The Phase III failure of AEZS-108 demonstrates the gap between preclinical promise and clinical efficacy. Tumor penetration, linker stability, and drug release kinetics in humans may differ substantially from mouse models.
Receptor downregulation after repeated exposure is a theoretical concern. If LHRH-R is internalized and not recycled efficiently, chronic PDC administration could reduce the target density on tumor cells.
The kidney is the primary organ for peptide clearance, and renal accumulation of peptide radioligands can cause nephrotoxicity. This is a recognized problem in somatostatin-based theranostics and applies equally to LHRH radioligands.
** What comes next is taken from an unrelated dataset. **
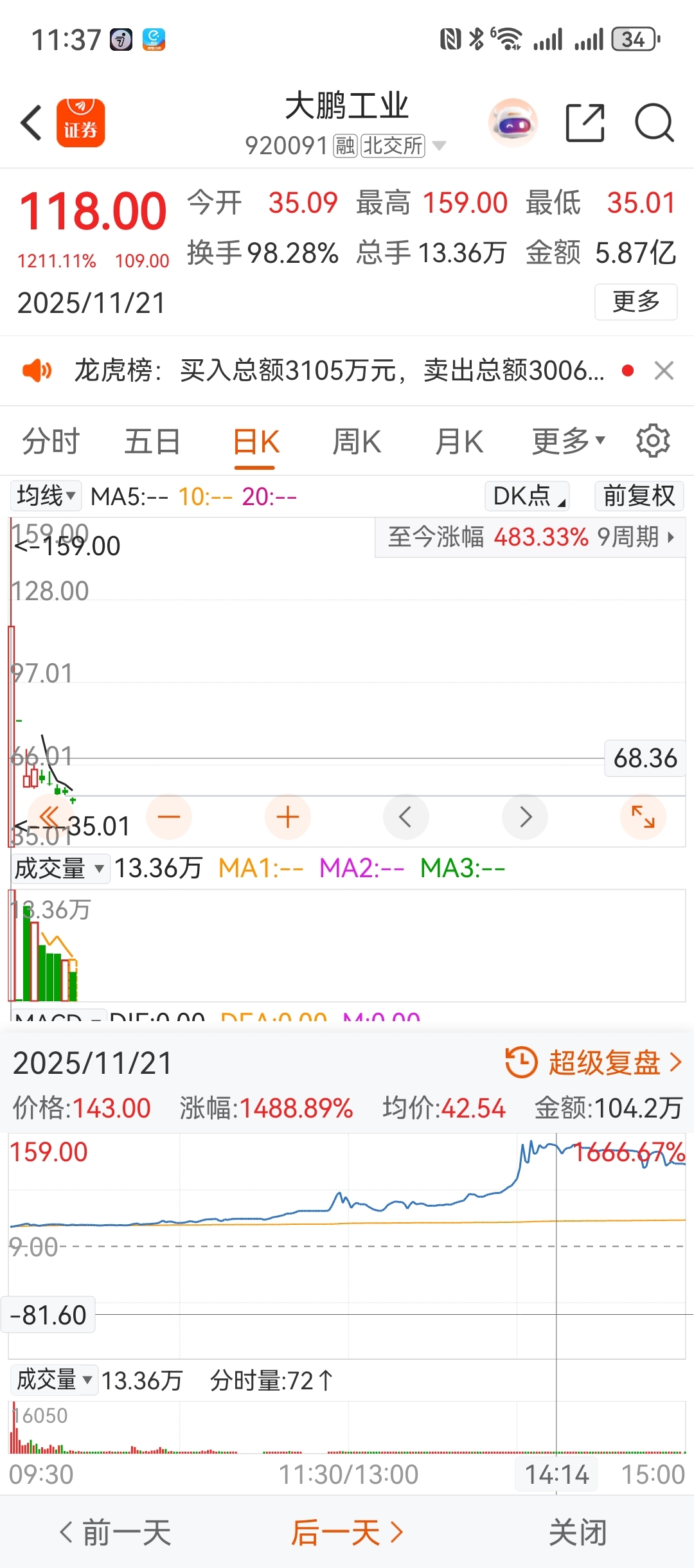 $N中国铀(SZ001280)$ 大鹏第一天下午飞涨1000多

No LHRH-targeted PDC is currently approved for clinical use. The field has validated the concept but has not yet produced a commercially available drug. Multiple candidates are in preclinical and early clinical development.
The Bottom Line
LHRH receptors are overexpressed in 50-90% of prostate, breast, ovarian, and endometrial cancers while absent from most normal organs, making them an attractive target for peptide-guided drug delivery. Peptide-drug conjugates linking LHRH analogs to cytotoxic payloads (AEZS-108, EP-100) have reached clinical trials, and radiolabeled LHRH analogs show theranostic potential for simultaneous imaging and targeted radiation therapy. The Phase III failure of AEZS-108 in endometrial cancer tempered enthusiasm but did not invalidate the targeting concept. Next-generation conjugates with improved linkers, more potent payloads, and companion diagnostics are in development.